これほどまで自分の身体から黒い霧を出した事がなかったアストロ・ジーラスは自分の命が少しずつ吸い取られている感じがした。


「私が死ぬか、お前が死ぬかどちらかだ。黒い鷹よ…私に力を…」


アストロ・ジーラスは大きく両手を広げ、一気に身体から黒い霧を放つ。


その地響きで大広間の窓が全て割れてしまった。




上から落ちてくる破片を避ける騎士団と王宮魔法使い達。

トーマスは自分のマントでコートの体を覆った。


「マグゴナル様、大丈夫ですか?」


「ああ、大丈夫さ。」


コートはトーマスのマントの下で頷いた。

コートほどの魔法使いならば、自分の身は自分で守れるのだが前回のアストロ・ジーラスとの戦いの傷でまだ完全ではない。


コートは礼を言うと、トーマスと破片が落ちてこない位置まで下がった。




ユリアは目を閉じたまま、身体の白の力に語りかける。


「お願い…私に力を!そして、アストロ・ジーラスからみんなを守って!」


ユリアの身体から発された白い光はアストロ・ジーラスが命を削って発した黒い霧を包んで行く。
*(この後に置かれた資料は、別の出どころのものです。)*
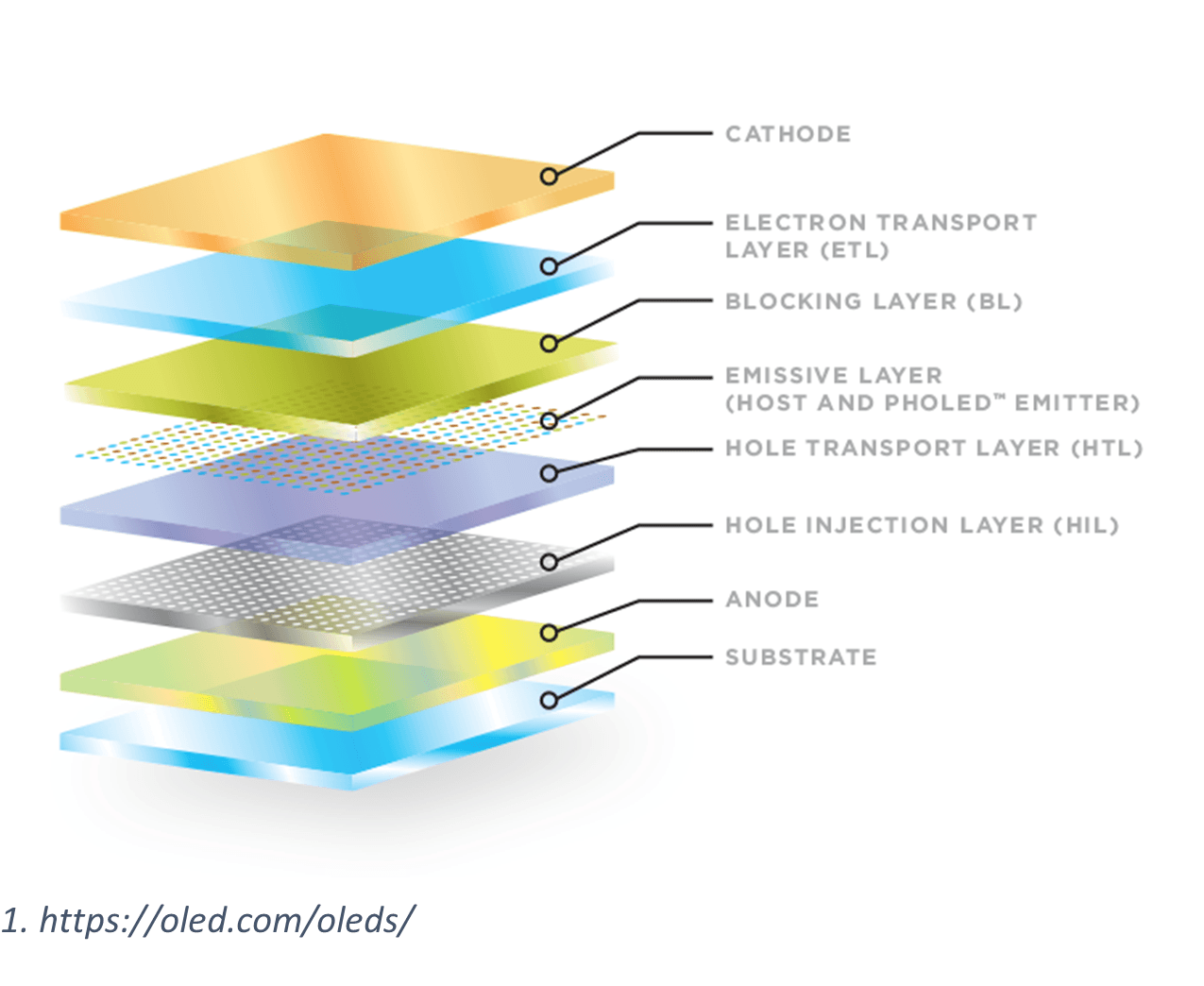 Simplified example of OLED internal layer structure. Courtesy of OLED.com/OLEDs

アストロ・ジーラスはそれに負けじと力を込め、白い光を押し返す。

ジリジリと音を出しながら2つの力がぶつかって行く。


そして…ユリアが白の力に想いを込めた瞬間。


大広間にまばゆい光が差した。

その白い光が薄っすら消えて行くと、黒い霧は跡形もなく消えていた。


「はぁ…………」


ユリアは深い深呼吸をして両手を閉じる。

ふと、前方を見るとそこにはアストロ・ジーラスが倒れていた。


ユリアは迷う事なくアストロ・ジーラスに近づいた。


倒れていたアストロ・ジーラスの顔は穏やかで

黒魔術に囚われていた先程までの顔とは別人のように優しい顔をしていた。


倒れたアストロ・ジーラスの側に膝をついたユリアは、その手を握った。


コートがユリアとアストロ・ジーラスに近づく。


「この人もかわいそうな人だったね。」


「私はこの方を助けてあげられたんでしょうか?」


「もちろん。見てご覧、こんな穏やかな顔をして…もっと早く黒い穢れを癒してあげられたら良かったのかもしれない。でも、きっとユリアに感謝しているはずさ。」


「そうですね…。私、もっと頑張ります。この人の様な想いを知る人がいない国にしたいです。」


「そうだね…戦いに使うのではなくて、みんなを癒す為に力を使える世の中にしないとね。」


ユリアはアストロ・ジーラスの手を胸の上で組んだ。

そっと立ち上がり後ろを向くと、騎士団や王宮魔法使い達がこちらを見ている。


そして、その中にトーマスの姿を見つけたユリアは自然に涙が溢れて来た。


「ユリアさん。」


「トーマス様。」


トーマスはユリアの元にゆっくりと近づき、抱きしめた。


「頑張りましたね。本当に頑張りました。」


「はい。」


「辛かったでしょう。」


「はい。」


「貴方は私の誇りです。」


「はい。」


「貴方を愛しています。」


「はい。」


トーマスはその後もユリアの涙が止まるまで

ずっとユリアを優しく抱きしめていた。